Capture the agent's tool calls, list the tools it has, then run evaluators. Copy this and adjust the tool names to your agent.

// 1. List the tools your agent can use
List<ToolDefinition> tools = List.of(
ToolDefinition.of("search_flights", "Search for available flights", flightSchema),
ToolDefinition.of("book_hotel", "Book a hotel room", hotelSchema)
);

// 2. Set up a judge LLM (needed for task completion and hallucination checks)
JudgeLM judge = prompt -> openAiClient.generate(prompt);

// 3. Run your agent and capture its trace
AgentTrace trace = AgentTrace.builder()
.addToolCall(ToolCall.of("search_flights", Map.of("origin", "JFK", "destination", "CDG")))
.addToolCall(ToolCall.of("book_hotel", Map.of("city", "Paris", "nights", 5)))
.finalResponse("Found flights and booked your hotel in Paris.")
.build();

// 4. Build a test case
var testCase = EvalTestCase.builder()
.input("Find flights from NYC to Paris and book a hotel for 5 nights")
.actualOutput("toolCalls", trace.toolCalls())
.actualOutput("output", trace.finalResponse())
.expectedOutput("toolCalls", List.of(
ToolCall.of("search_flights", Map.of()),
ToolCall.of("book_hotel", Map.of())
))
.metadata("tools", tools)
.metadata("tasks", List.of("Search for flights", "Book a hotel"))
.build();

// 5. Pick the evaluators you need and run them
var results = List.of(
ToolCallValidityEvaluator.builder().build().evaluate(testCase),
ToolCorrectnessEvaluator.builder().build().evaluate(testCase),
TaskCompletionEvaluator.builder().judge(judge).build().evaluate(testCase),
ToolArgumentHallucinationEvaluator.builder().judge(judge).build().evaluate(testCase)
);

Evaluators

Pick from these nine. The first five need no LLM. The next two always need a judge. The last two take an optional judge.

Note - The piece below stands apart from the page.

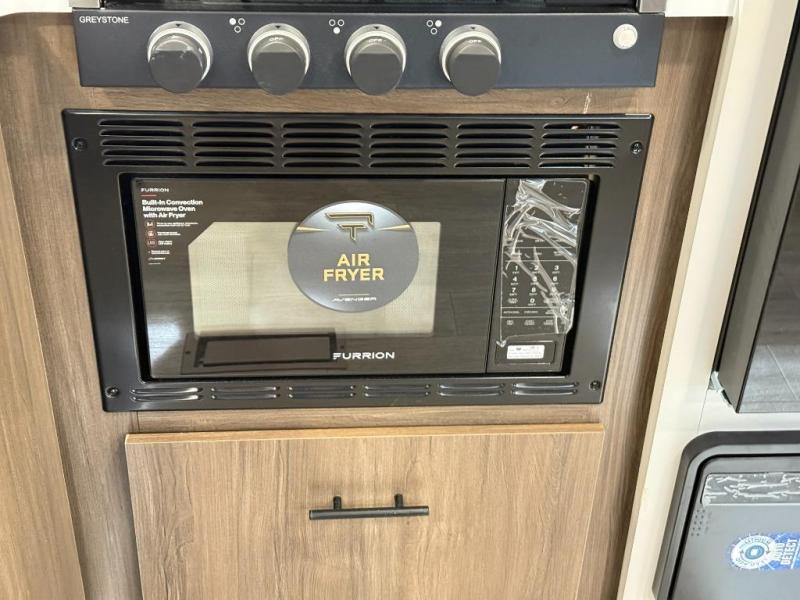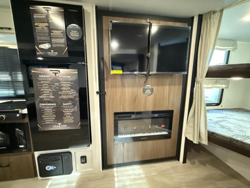 With any Avenger travel trailer by Prime Time RV, you will find innovation, a solid build, and comfort at every turn. Each model is built with Tuff Coat on the exterior metal, a fully enclosed underbelly, and a PVC roof membrane to help extend the life of your trailer. You will also find automotive name badging on the exterior, along with an exterior shower, front rail LED light strips, plus an XL padded entry grab handle to name a few conveniences. There are plenty of storage spaces inside, as well as Congoleum flooring and woven PVC marine grade slide out flooring, a designer shower surround, and seamless pressed countertops. You are sure to appreciate the onboard water filtration system, tankless water heater, plus 30K BTU furnace and 15K ducted A/C to help keep you comfortable.

EvaluatorWhat it checksLLM required?Default threshold
ToolCallValidityEvaluatorTool calls match their JSON schema (names, required params, types, enums)No1.0
ToolCorrectnessEvaluatorAgent used the expected set of toolsNo1.0
ToolTrajectoryEvaluatorTool-call sequence matches an expected trajectoryNo1.0
ToolErrorEvaluatorTool calls succeeded (no error results)No1.0
ToolEfficiencyEvaluatorNo redundant tool callsNo1.0
TaskCompletionEvaluatorAgent completed the user's requested tasksYes0.5
ToolArgumentHallucinationEvaluatorTool call arguments are grounded in user inputYes0.8
ToolNameReliabilityEvaluatorTool names follow naming conventions (snake_case, conciseness, clarity, ordering, intent)Optional0.8
ToolDescriptionReliabilityEvaluatorTool descriptions are well written (structure, clarity, args documented, examples, usage notes)Optional0.8

ToolCallValidityEvaluator

Checks each tool call against its JSON schema. It confirms the tool name exists, required params are present, types match, enum values are valid, and no unexpected params slip in (in strict mode, or when the schema sets additionalProperties: false).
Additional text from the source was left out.